_PROBLEM DESCRIPTION_:
Beginning with the line containing "Sábado 28 a" and ending with the line containing "To address the", write out each line of the records below exactly; pictures and lines outside that range are left out.

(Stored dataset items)
++++++

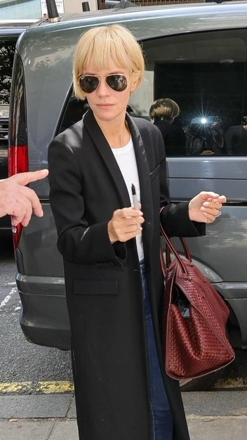 В аутфитах Лили Аллен выбирает простоту, присущую стилю кэжуал, — это базовая белая футболка и прямые джинсы с рваными краями и выбеленным эффектом, в которых она появилась на улицах Лондона не так давно. Дополнила повседневный образ певица элегантным длинным пальто, напоминающим пиджак, и трендовыми балетками с круглым мысом. Завершила звезда образ крупной бордовой сумкой и солнцезащитными очками.
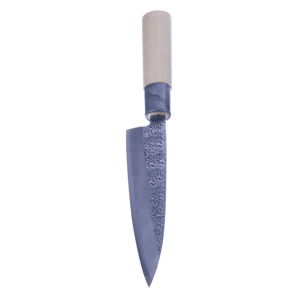 The UMEBACHI RYUMA Japanese Multi-Purpose Kitchen Knife, featuring a hammertone finish and a blade length of 150 mm, is a fusion of traditional craftsmanship and new technology, designed to offer durability, flexibility, and lasting sharpness. Its lightweight design (95 g) makes it versatile for home and outdoor use, ideal for precise tasks such as filleting small fish. Crafted with a single-edged blade, this knife is a testament to the excellence in cutlery that RYUMA stands for. Please use it as intended and avoid hard or frozen materials to maintain its pristine condition.
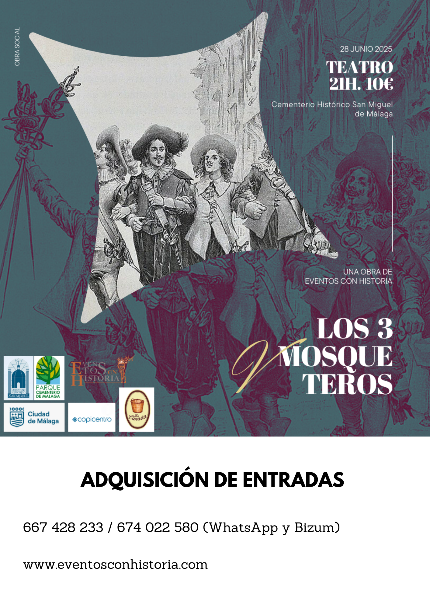 Sábado 28 a las 21:00h. Eventos con Historia nos trae la obra teatral LOS 3 MOSQUETEROS. Se requiere entrada.
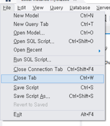 왼쪽 위에 file에서 close tab을 클릭하면 해당 탭이 닫히게 된다.
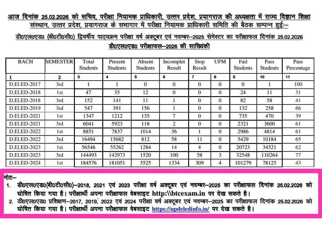 UP D.El.Ed Result 2026:- डीएलएड. प्रथम और तृतीय सेमेस्टर का रिजल्ट हुआ घोषित, नीचे दिए गए लिंक का प्रयोग करें
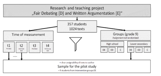 To address the central research question (see Section 1) regarding the development of persuasive writing in pro-and-con argumentation essays before and after debate training, the essays from all non- academic-track students in the DE group were analyzed at time points t1 and t2 (see Figure 2). It was crucial that each essay could be definitively matched to an anonymized student ID in order to track individual development over time.
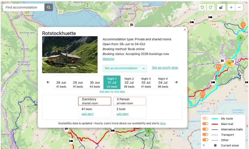 All our self-guided Bernese Oberland packages include access to our new planning app. The app shows the booking status for all accommodation locations, with a “Book now” link. We redirect you to their preferred booking method, including directly on their website, their online booking engine partner, or email.
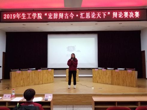 为了展现大学生的思辨能力和临场发挥能力,由生工学院学生会学研部主办的"宏辞辩古今,汇思论天下"辩论赛决赛于2019年3月22日晚上18:30在科学报告厅正式举行。此次大赛的评委有生工学院分团委、学生会主席团成员,校辩论队队长邓蜜以及副队孙童。
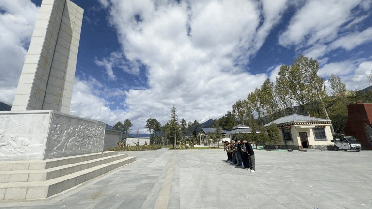 随后,研学队伍怀着崇敬之心前往林芝烈士陵园。这片松柏掩映的土地,承载着为信仰与使命献身的英雄故事。碑石肃穆,铭刻着援藏干部与革命先烈的牺牲与坚守。献花、鞠躬、默哀的仪式中,学生们感受到一种穿越时空的精神震撼。纪念墙上的文字诉说艰苦岁月中的无私奉献,历史的光影化作思想的火种,点燃青年心中的理想信念。红色基因不仅是缅怀的记忆,更是行动的召唤——它激励新时代青年将对祖国边疆的热爱,转化为扎根实践的信念与力量。
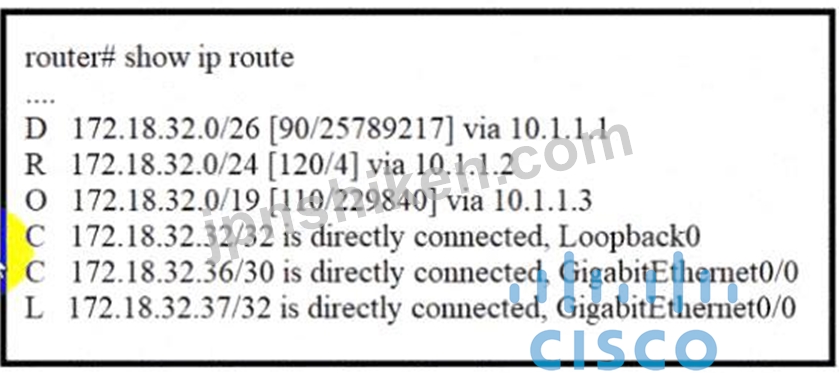 172.18.33.2 から送信されたパケットは、172.18.32.38 宛てです。ルーターはパケットをどこに転送しますか?
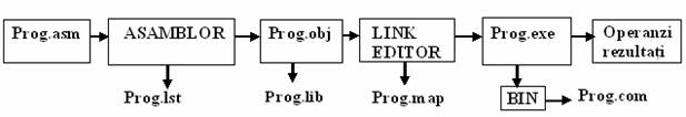Asamblorul prelucreaza un fisier text sursa (Prog.asm), scris cu un editor de texte si genereaza un modul obiect (Prog.obj) care contine instructiuni si date ce sunt plasate de la adresa 000. Dupa etapa de asamblare se genereaza si un fisier lista care contine comentarii asupra programului. Utilizand directiva include se copiaza in programul curent si alte programe eventual librarii la care se face referire. Modulele obiect nu sunt executabile dar pot fi depuse in biblioteci (Bibl.lib).
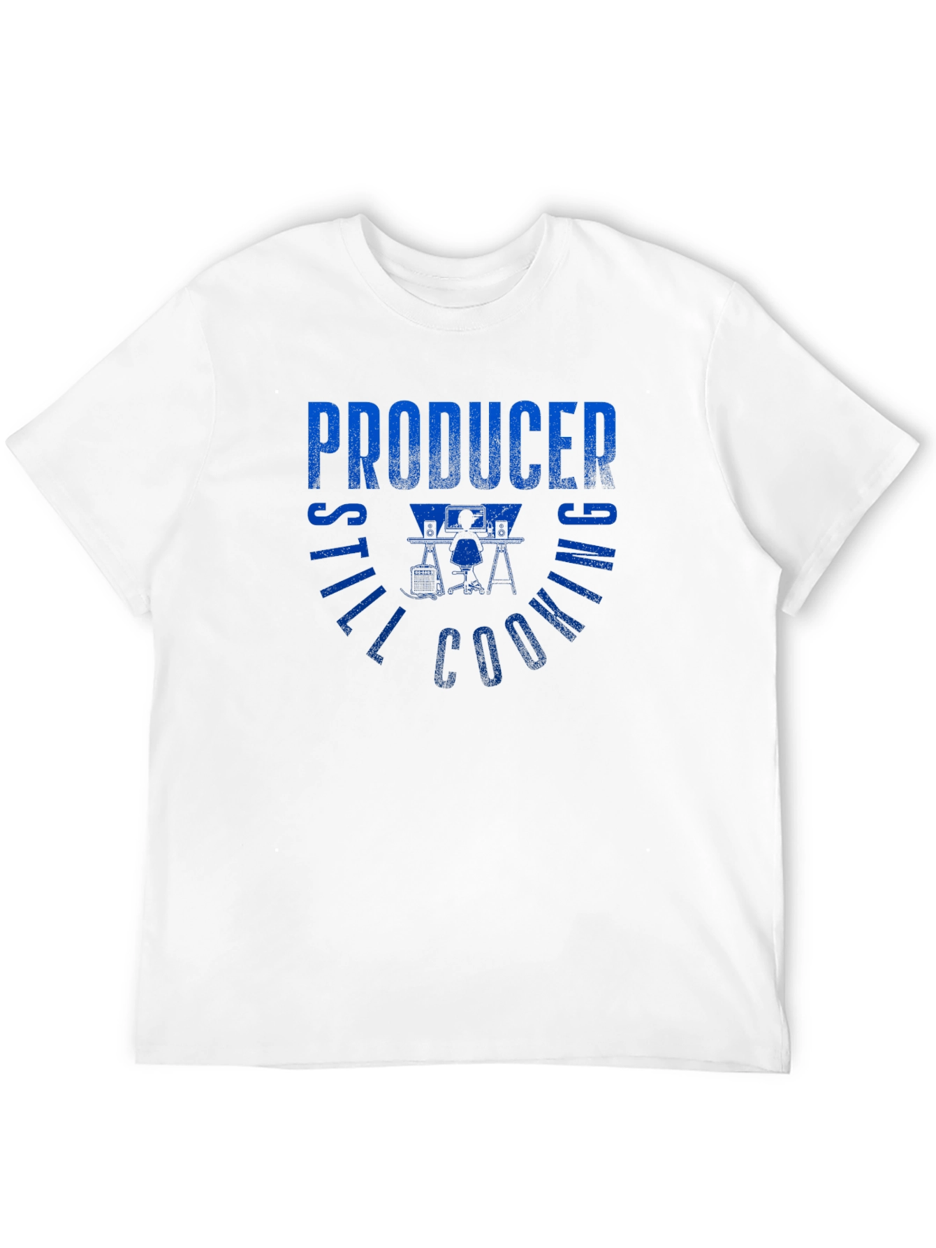 This black t-shirt features a bold, distressed-style blue graphic that proclaims "PRODUCER" above a circular design. Inside the circle is a workstation setup with a chair and equipment, above the words "STILL COOKING." The shirt has a classic crew neck and short sleeves, making it a comfortable and stylish choice for everyday wear. Show off your passion for producing with this unique and eye-catching t-shirt! Perfect for casual outings, studio sessions, or as a gift for the music producer in your life.
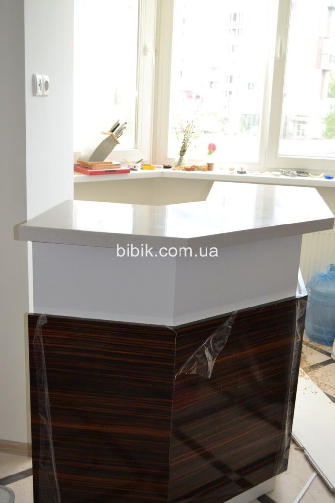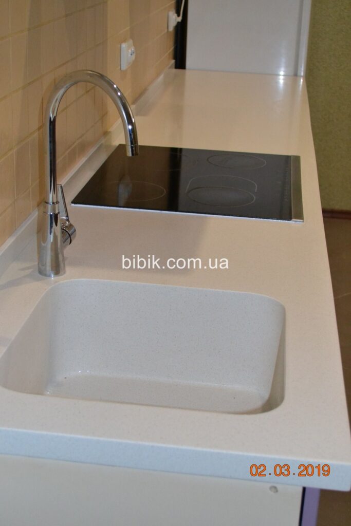 Прежде всего, стоит отметить чрезвычайную практичность этого материала. Искусственный камень испачкать очень проблематично, поэтому в таком помещении как кухня, его использование вполне актуально. Если камень не ярко белого цвета, а обычных темных и светлых природных оттенков следы жира и грязи на нем не видны. Специалисты советуют покрыть поверхность из искусственного камня полуматовым лаком, тогда никакой жир или грязь вам не страшны.
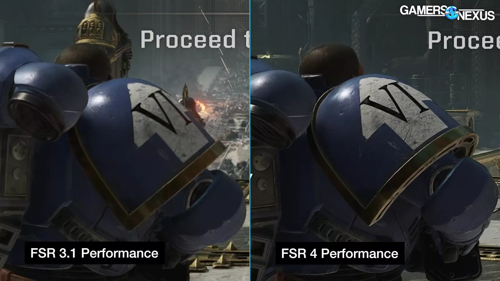 We’ll start the comparisons with a scene in the Armory, or “Armouring Hall” in native Grimdark. Even before walking forward, the difference between FSR 3.1 and FSR 4 is stark. Static elements like the floor of the walkway that shift and shimmer heavily with FSR 3.1 are now stably locked-in. On top of that, the entire image is much clearer and more detailed.
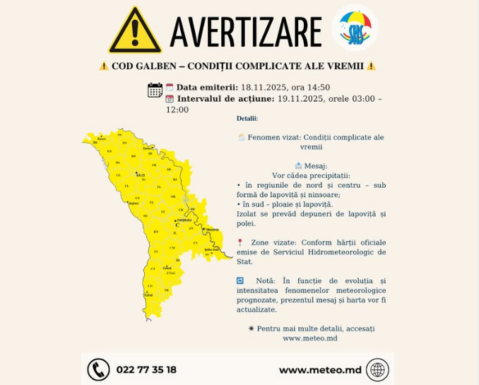 Serviciul Hidrometeorologic de Stat a emis cod galben de schimbarea bruscă a vremii pentru ziua de 19 noiembrie. Astfel în intervalul orelor 03:00 - 12:00 se prevăd precipitații sub formă de ploaie, lapoviță și ninsoare.
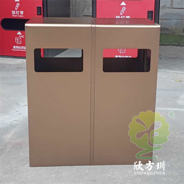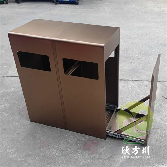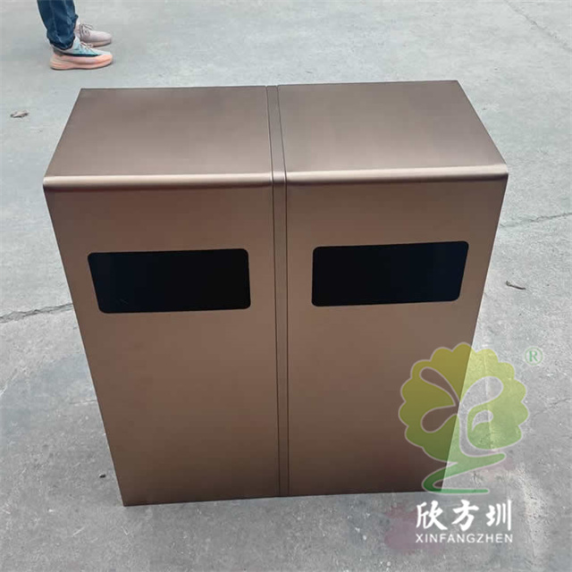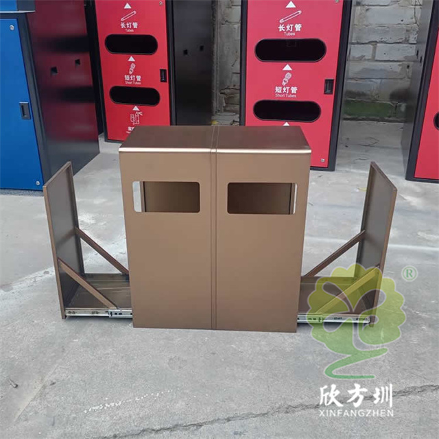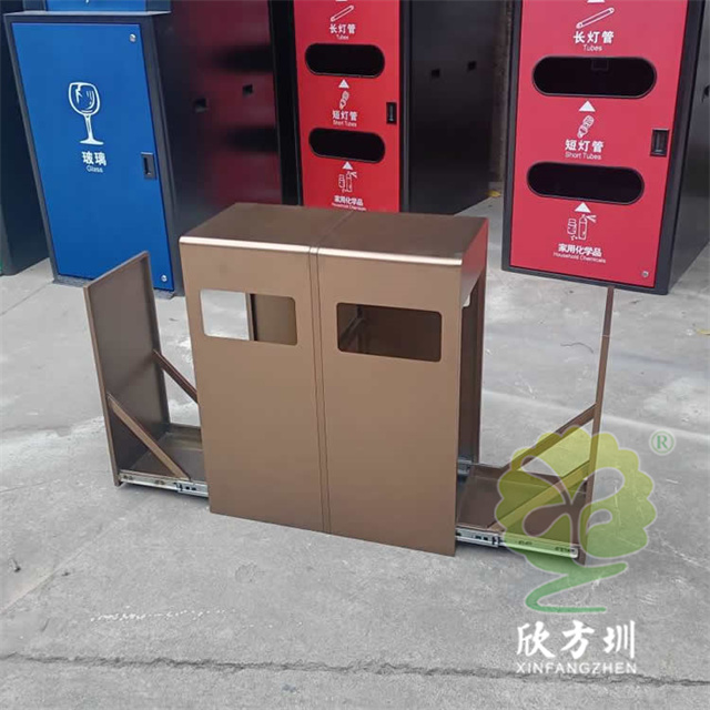 抽拉式滑軌電鍍防指紋不銹鋼分類垃圾桶采用了304不銹鋼1.5mm厚的板制作而成,側(cè)面兩連體分類抽拉式滑軌設(shè)計(jì),果皮箱金屬表面電鍍香檳金和做防指紋處理工藝,正反面可以油墨絲網(wǎng)印刷國標(biāo)分類標(biāo)識和企業(yè)logo,可以定制本色或者噴塑桶身。

++++++

_EXERCISE RESULT_:
 Sábado 28 a las 21:00h. Eventos con Historia nos trae la obra teatral LOS 3 MOSQUETEROS. Se requiere entrada.
 왼쪽 위에 file에서 close tab을 클릭하면 해당 탭이 닫히게 된다.
 UP D.El.Ed Result 2026:- डीएलएड. प्रथम और तृतीय सेमेस्टर का रिजल्ट हुआ घोषित, नीचे दिए गए लिंक का प्रयोग करें
 To address the central research question (see Section 1) regarding the development of persuasive writing in pro-and-con argumentation essays before and after debate training, the essays from all non- academic-track students in the DE group were analyzed at time points t1 and t2 (see Figure 2). It was crucial that each essay could be definitively matched to an anonymized student ID in order to track individual development over time.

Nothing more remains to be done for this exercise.